══ Record set ══

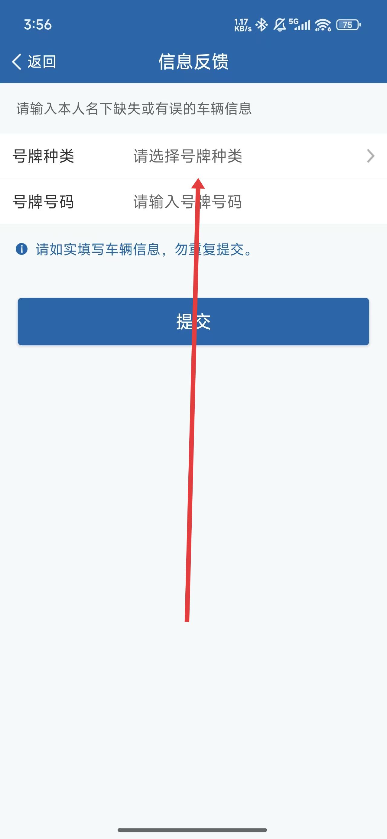 4、在進(jìn)入到信息反饋頁面中后,點(diǎn)擊選擇號(hào)牌種類填寫相關(guān)信息后,完成反饋。
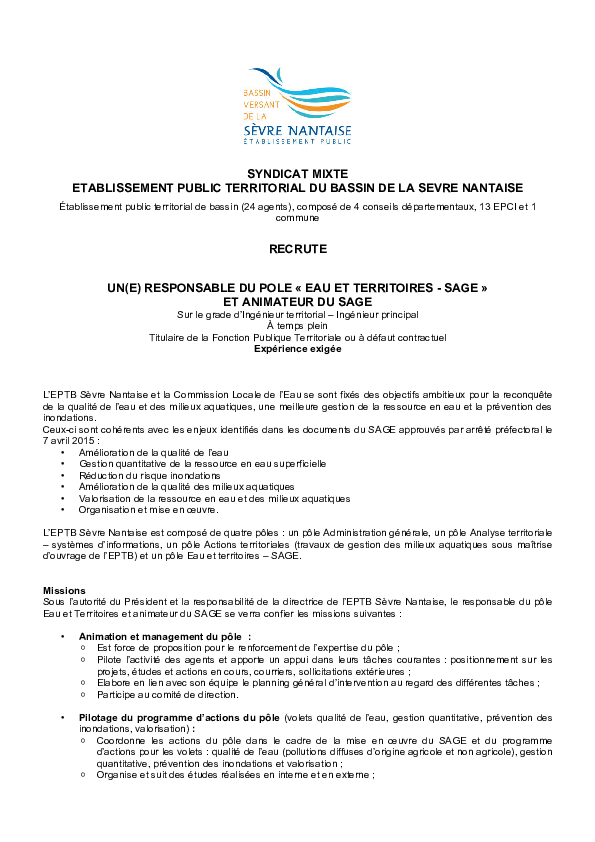 UN(E) RESPONSABLE DU POLE « EAU ET TERRITOIRES - SAGE »
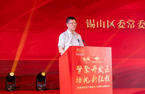 锡山区委常委、锡山经济技术开发区党工委副书记、管委会副主任陶波向受到表彰的“两优一先”先进典型表示热烈的祝贺。陶波指出,开展“擎聚开发区·扬帆新征程”庆祝中国共产党成立100周年主题活动,就是要继承和发扬党的革命精神和优良传统,坚守共产党人的精神追求和政治本色,坚定理想信念、牢记使命责任,以永不停歇的脚步和更加昂扬的斗志,紧扣“园区二次开发、宛山湖科技城开发、战略产业集群、改革创新赋能”四大主线,积极投身开发区“高标打造高质量发展标杆园区”新征程,为锡山“做全市重要增长极、当改革创新先行军”挑最重担子,做最强引擎。
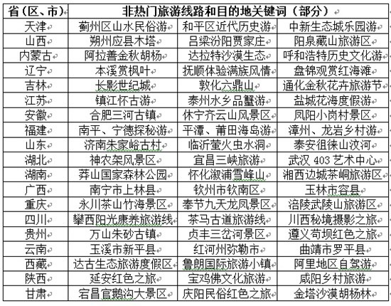 《假日旅游指南》中提示游客,多數國內熱門旅游目的地假日旅游接待人次呈現出“中間高,兩頭低”的趨勢,假日前兩日或者最后兩日安排一次短途旅游將使旅途擁堵有所緩解,如前往預計較熱門的地區,可安排假日前提前一天出行。同時,臨近假日,各地交通部門將發布路網提示,預測、監測公路擁堵情況,廣大自駕游客可予以關注,科學選擇行車路線。長途出行,假日前幾天前往較大城市、后幾天前往中小城市的鐵路、民航線路相對寬松,可避開客運高峰。此外,一些新興的旅游線路和目的地未受到較多關注,部分熱門的旅游線路和目的地進入相對淡季,在假日期間選擇前往將大大提升旅游的品質,豐富旅行的內涵。為方便廣大游客,部分省(市、區)旅游主管部門根據歷年同期假日旅游情況,整理了一份非熱門旅游線路和目的地關鍵詞,以供參考。
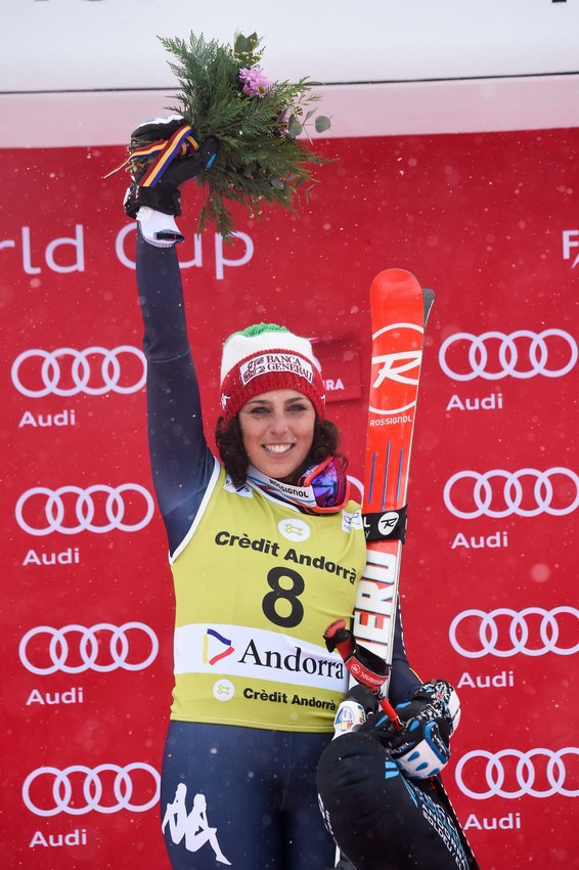 Brignone, especialista en gigante, se convirtió hoy en el nuevo punto de mira del Super-G femenino. La transalpina, que ha conseguido su primera victoria en esta disciplina de velocidad, suma 12 podios en Copa del Mundo con dos primeras posiciones (1ª en el Gigante en Soelden 2015 y hoy). La esquiadora ha realizado una gran carrera donde ha conseguido el mejor tiempo de 57s33.
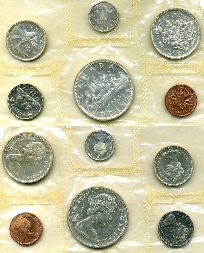 КАНАДА НАБОР ИЗ 6 МОНЕТ 1965 серебро UNC 7-3-15

═══

Please give the entries again word for word, without any pictures.

_Response_.
 4、在進(jìn)入到信息反饋頁面中后,點(diǎn)擊選擇號(hào)牌種類填寫相關(guān)信息后,完成反饋。
 UN(E) RESPONSABLE DU POLE « EAU ET TERRITOIRES - SAGE »
 锡山区委常委、锡山经济技术开发区党工委副书记、管委会副主任陶波向受到表彰的“两优一先”先进典型表示热烈的祝贺。陶波指出,开展“擎聚开发区·扬帆新征程”庆祝中国共产党成立100周年主题活动,就是要继承和发扬党的革命精神和优良传统,坚守共产党人的精神追求和政治本色,坚定理想信念、牢记使命责任,以永不停歇的脚步和更加昂扬的斗志,紧扣“园区二次开发、宛山湖科技城开发、战略产业集群、改革创新赋能”四大主线,积极投身开发区“高标打造高质量发展标杆园区”新征程,为锡山“做全市重要增长极、当改革创新先行军”挑最重担子,做最强引擎。
 《假日旅游指南》中提示游客,多數國內熱門旅游目的地假日旅游接待人次呈現出“中間高,兩頭低”的趨勢,假日前兩日或者最后兩日安排一次短途旅游將使旅途擁堵有所緩解,如前往預計較熱門的地區,可安排假日前提前一天出行。同時,臨近假日,各地交通部門將發布路網提示,預測、監測公路擁堵情況,廣大自駕游客可予以關注,科學選擇行車路線。長途出行,假日前幾天前往較大城市、后幾天前往中小城市的鐵路、民航線路相對寬松,可避開客運高峰。此外,一些新興的旅游線路和目的地未受到較多關注,部分熱門的旅游線路和目的地進入相對淡季,在假日期間選擇前往將大大提升旅游的品質,豐富旅行的內涵。為方便廣大游客,部分省(市、區)旅游主管部門根據歷年同期假日旅游情況,整理了一份非熱門旅游線路和目的地關鍵詞,以供參考。
 Brignone, especialista en gigante, se convirtió hoy en el nuevo punto de mira del Super-G femenino. La transalpina, que ha conseguido su primera victoria en esta disciplina de velocidad, suma 12 podios en Copa del Mundo con dos primeras posiciones (1ª en el Gigante en Soelden 2015 y hoy). La esquiadora ha realizado una gran carrera donde ha conseguido el mejor tiempo de 57s33.
 КАНАДА НАБОР ИЗ 6 МОНЕТ 1965 серебро UNC 7-3-15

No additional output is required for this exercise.